2 Comments on “New Threat To Public Sector Labor Unions, Ctd”

  1. Suzanne Bates says:

    Can you explain why you think Abood should be reaffirmed? Why should teachers and other employees be forced to pay union dues when they disagree with union behavior and activities? I’ve heard Rebecca Friedrichs speak, and she has some very legitimate complaints about her union. Right now, people like her have no recourse. She tried working from within, and it didn’t work. Unions have got to learn to be more responsive to their membership, and under the current monopoly, forced-dues system we have in place, that doesn’t happen.

    • Dan Klau says:

      Dear Suzanne, apologies for the delay in responding to your comment. I’m happy to explain my position.

      First, I begin with the premise that unions in general, both private and public, are a necessary counterbalance to large conglomerations of power in the private and public sectors. I think history has demonstrated that workers, when unable to bargain collectively, are too often subject to abuse and arbitrary exercises of power by employers. Now, I know some people argue that things have changed so much over the past century that unions are no longer necessary. I am familiar with the arguments, but I do not agree with them.
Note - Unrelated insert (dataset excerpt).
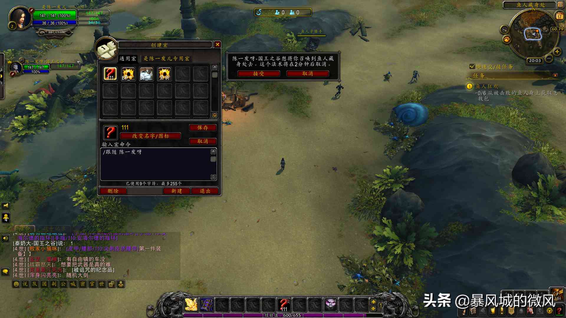 经验BUFF号因为封顶20级,所以推荐选一个能T的职业,比如防骑,20级防骑拉5-6个怪A一圈下来基本无伤,无敌都不用开,而且速度非常快,实测5个怪,26秒就能A完。20级封顶这个号推荐把装备穿全了,每个装备栏都装备上,因为等级越低,伤害越高!等大号30级之后,做任务时就大号跟随小号,让20级小号去杀怪,比大号打得快,还无伤,不用喝水休息。

In short, I believe unions are still necessary.

      Second, given my acceptance of this premise, a legal ruling that allows individuals who are represented by unions and who enjoy the benefits of such representation to avoid paying fees to support the collective bargaining process creates a huge free-rider problem that could make public sector unions financially non-viable. That problem is central to the Abood decision and it is one that I find persuasive.

      Third, I understand the complaints raised by many public employees who are required to pay agency fees even though they disagree with union activities, policies, etc. That is a real problem. But society does not allow citizens to refuse to pay taxes because they disagree with the policies and positions of the government that happens to be in power at a particular point in time. I know that the analogy is far from perfect. I offer it only to make the point that sometimes people who disagree with the majority position in an organization can’t opt out of contributing financially to the organization, while continuing to enjoy the benefits that the organization bestows upon them with respect to wages, work conditions, etc.

      Fourth, I have a sense that many people who would like to see Abood overturned really just don’t like public sector unions generally and hope that overturning Abood will lead to their eventual demise. If my sense is correct, I think the more honest approach is to candidly argue for an end to public sector collective bargaining, rather than make a legal argument that there is a First Amendment right to refuse to pay fees that support collective bargaining, which, if accepted, could be financially ruinous for the unions. In other words, opponents of public sector labor unions should explain why collective bargaining in the public sector is no longer necessary, is “bad,” etc., rather than trying to bring about the demise of the unions through a back-door legal argument that has grave implications for the continued financial viability of public sector unions.

      Lest my response be interpreted as a full-throated endorsement of public sector labor unions, let me say that I have significant concerns about collective bargaining in the public sector. (That’s a post for another day.) I just don’t think the best way to address those concerns is by making it impossible for unions to survive financially by creating a serious free-rider problem.

      Thanks for your inquiry. I hope my response is useful, even if not ultimately persuasive!